Par la maîtrise de ses équipes de réanimation, le système de soin français a montré sa capacité à réorganiser ses services dans l’urgence pour tenter de limiter au maximum les dégâts de l’épidémie. Plusieurs de ces soignants en furent eux-mêmes victimes. Que leur soit ici rendu l’hommage que tous méritent.

Une décision de confinement fondée sur la simulation

Les mesures de confinement prises pour limiter les conséquences de l’épidémie sur les systèmes de santé ont été suggérées par une unité d’épidémiologie de l’Imperial College de Londres.
La première estimation des effets de ce confinement, unique dans l’histoire de l’humanité à cette échelle, a été publiée pour l’Europe. On attend les publications suivantes, pour le continent africain notamment.
Selon ces simulations, les mesures auraient contribué à épargner 2 500 vies en France soit environ le dixième d’une vague qui risque d’en emporter de 25 000 à 35 000 (lire encadré).

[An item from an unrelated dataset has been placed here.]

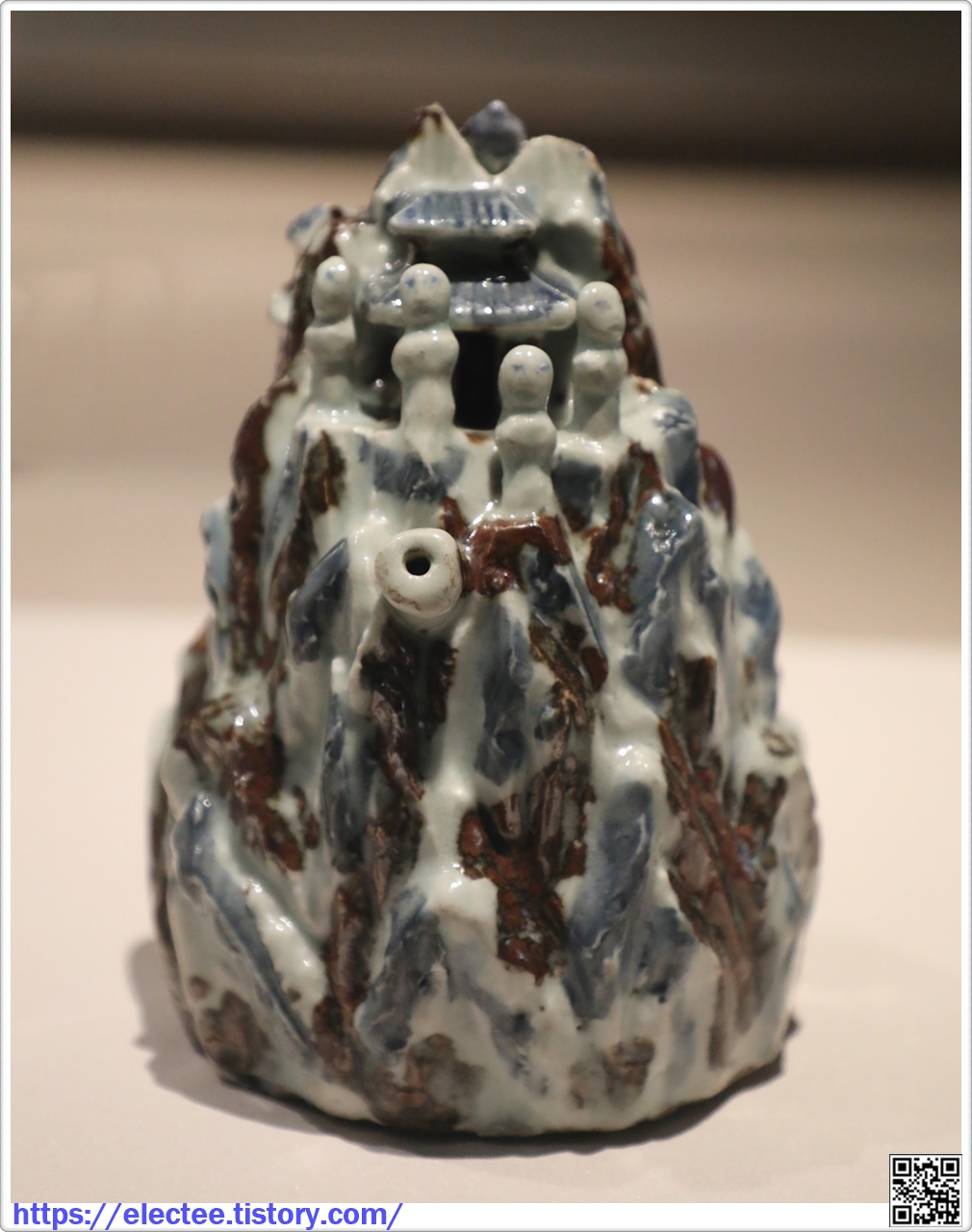 백자에 청화와 철화로 금강산 문양을 장식

Mais certains postulats de ces estimations numériques semblent incohérents : contrairement à ce qui est supposé, les contaminations ne diminuent pas dès le premier jour du confinement (ça ne s’est vu dans aucun pays) et l’intensité comme la durée de l’effet ne sont jamais les mêmes partout. Ces deux hypothèses sont pourtant à la base des simulations publiées.
Alors que l’on ne connaît toujours pas la diffusion (R0 ou taux de reproduction : nombre de personnes contaminées par un porteur, ce paramètre mesure la contagiosité de la maladie) ni la létalité précises (IFR, Infection Fatality Rate : nombre de décès rapportés à la totalité des sujets contaminés par le virus, qu’ils aient été testés et validés ou non, ce paramètre mesure la sévérité) de cette maladie, les auteurs annoncent ainsi 69 vies épargnées au Danemark et un total de 70 000 morts pour la Suède. Or, parvenu à sa onzième semaine d’épidémie le 21 avril 2020, ce pays n’avait enregistré que 1 580 décès [3 256 au 12 mai, ndlr].
Il faut donc se reporter à la répartition réelle, maintenant bien décrite, de la mortalité de la covid pour comprendre la nature de ces vies numériquement « épargnées ». Dans le registre français de Santé publique France, on retrouve une distribution similaire à celle des patients décédés en Chine ou en Italie, avec un âge moyen proche de 80 ans (un sur six a plus de 90 ans) et un taux extrêmement faible (0,1 %) pour les sujets de moins de 45 ans sans facteur de risque. Les cibles du Sars-CoV-2 sont souvent des patients à risque métabolique ou cardio-vasculaire (homme, sédentaire, obèse, diabétique ou hypertendu), ce qui explique les ravages actuels aux États-Unis.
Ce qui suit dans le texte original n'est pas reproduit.